Bana sual edince; ben de:
“-Hocalara ve doktorlara vereceğin para boşa gitmesin, bize getir çok hesaplı ve çok hızlı bir şekilde çözüme kavuştururuz.” demedim doğal olarak…
Dedim ki: “-Yavrumuza sakın üç harfliler değil de, on, yedi ve altı harfliler musallat olmuş olmasın.”
“-Nasıl yani?” dedi.
“-On harfli “bilgisayar ve televizyon”, yedi harfli “telefon” ve altı harfli “tablet”. Yavrumuz okul haricinde bunlarla ne kadar meşgul oluyor?”

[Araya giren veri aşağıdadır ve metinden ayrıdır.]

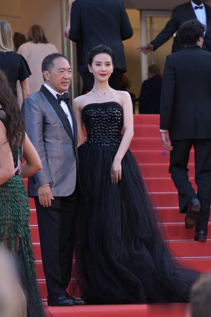 #戛纳电影节#红毯刘诗诗黑曜石纱裙,东方美女。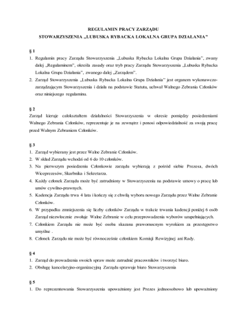 REGULAMIN PRACY ZARZĄDU STOWARZYSZENIA „LUBUSKA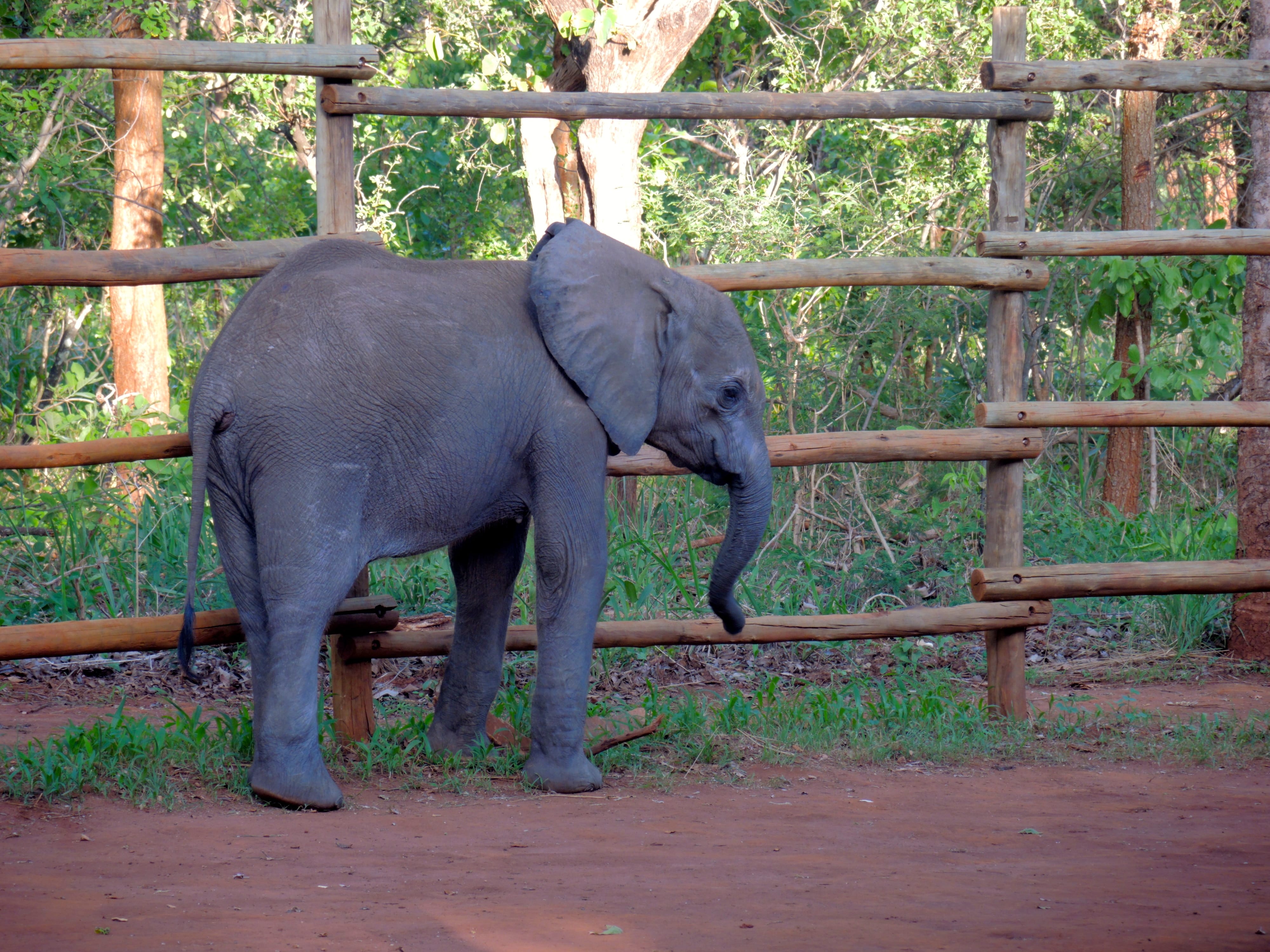 The calf is approximately 1½ years old and despite being dehydrated and malnourished he still seems strong. A closer inspection revealed exposed ribs, thin and patchy skin and warts on his trunk; all common symptoms for elephants in distress and poor health.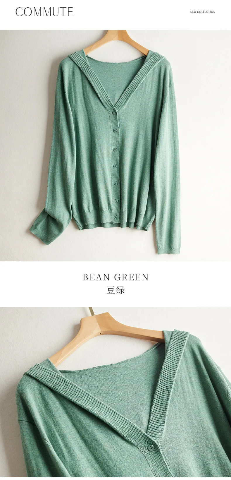 Birdtree 63.9% Silk Cashmere Blended Cardigan Hooded Loose Long Sleeve Knitted Coat Solid Casual Women's Top Autumn New

“-Ellerinden hiç düşmüyor ki hatta bazen onunla uyuyup kalıyorlar? Hele hafta sonları sabahtan akşama kadar sürekli birinden diğerine adeta mekik dokuyorlar. Daha okullarda, teneffüslerde akıllı tahtalarla olan mesailerini saymıyorum bile”
“-İşte gördün mü? Maalesef yavrularımız tabiri caizse belâyı bulmuşlar. Eskiden annelerimiz ve babalarımız başta futbol maçları olmak üzere geç vakitlere kadar kaldığımız sokaklardan bizleri zorla içeri alırlardı şimdi ise tam tersi bizler çocuklarımızı zorla dışarı çıkartacağız diye didinip duruyoruz.”
“-Peki çözüm?
“-Çözüm sizde bitiyor. Mesela benim evimde televizyon yok. En başta bizler televizyon ve telefonun esaretinden kurtulmalıyız ki, yavrularımızla ilgili böylesi bir talebimizde samimi olabilelim. Çocuklar bizim söylediklerimizden ziyade hareketlerimize bakar ve bu manada bizleri örnek alırlar. Elinden telefon düşmeyen ve televizyonun esareti altındaki bir ebeveynin çocuklarından “kitaplı” şahsiyetler olmalarını beklemek abes olmaz mı?
“-Peki muska falan yazsan faydası olmaz mı?
“-Kim demiş yazmayı düşünmediğimi? Bak hemen yazıyorum:
1-) İlk etapta sen ve yengemiz Lokman Suresi’ni en az üç ayrı mealden ve üç ayrı tefsirden adeta imtihana hazırlanır gibi okuyun inşallah -ki zaten Kur’an-ı Kerim imtihan kitabımız değil mi?
2-) Her akşam evde aile fertleriyle “nitelikli zaman geçirme noktasında yani tv, telefon vb. kapatıldığı ve aile fertlerinin yakın temasta oldukları” başlarda beşer, onar dakikalık periyotlar halinde ve gitgide artıracak şekilde mutlaka bir okuma saatimiz olsun.
3-) Hem sıla-i rahmin ifası hem de çocuklarımızın bu vesilelerle akrabalar ve arkadaşlar arasında ne tür diyaloglar kurulduğuna şahitlik etmeleri noktasında ziyaretler yapmak.
4-) İmkanlar dahilinde karate, judo, yüzme gibi aktivitelerde bulunak.